Another number that really stands out is the 2nd quarter spread last season.  In the second quarter last season the Jazz outscored their opponents by 73 points, outscoring opponents by 130 points at home and opponents outscoring the Jazz by 57 points on the road.  The second quarter was primarily our bench against the opponents bench and as you can see the Jazz had a much better bench then most opponents.  The negative 57 points on the road against opponents also doesn’t surprise me at all as it seems the younger players don’t do as well on the road when they can’t feed off their home fans.  This is probably what we can expect a lot from this season since we have so much youth out there on the court.
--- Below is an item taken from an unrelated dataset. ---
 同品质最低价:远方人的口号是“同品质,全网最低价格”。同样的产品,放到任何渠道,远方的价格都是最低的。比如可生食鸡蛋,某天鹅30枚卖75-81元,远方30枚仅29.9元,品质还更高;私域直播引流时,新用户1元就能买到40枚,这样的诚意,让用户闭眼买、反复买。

These numbers prove two points to me.  First, the Jazz starters were not keeping up with other teams and in a lot of games the Jazz had to fight back because we didn’t show up to start the game.  Second, our bench players were better than other players coming off the bench for other teams.  I’m not sure too many people can argue these two points with the numbers right there saying it all.  Yes the bench players who are now in the starting line up will be playing against starters now and not the opponents bench but our bench players were better than our opponents bench players.  Up to this season the bench players may not have been ready to take on a bigger role for this team but the numbers from last season show that this year they are.
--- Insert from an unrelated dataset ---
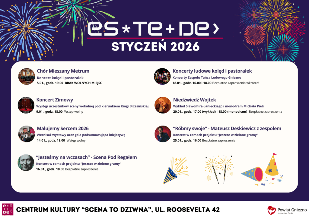 Dzieje się w eSTeDe! Na nowy rok mamy dla Was naprawdę dużo wydarzeń – przede wszystkim muzycznych! Posłuchajcie z nami kolęd, piosenek Wojciecha Młynarskiego, zobaczcie wyjątkowe obrazy i poznajcie historię niedźwiedzia Wojtka!

Jazz on the Right Path to Success

The moves that were made this summer were without a doubt the right moves.  The immediate future for the Jazz may not be as good as it could have been if the Jazz stuck with the current makeup they had and playing veterans who were really good players but not all-stars.  They Jazz may have a worse record but we really don’t know that for sure until they get on the floor and start playing games.  It is possible that the Jazz could fight for an 8th seed in the Western Conference this season even after letting all of last years veterans walk.  The more likely scenario is the Jazz have a worse record, the younger players gain valuable experience playing together and the Jazz get a great draft pick in the loaded 2014 NBA Draft.  Either way the Jazz had a decision of staying mediocre for the next 5 or so years or taking a chance to become great.  Jazz fans need to trust in the management in charge of this team as this offseason shows that management is not okay with mediocrity.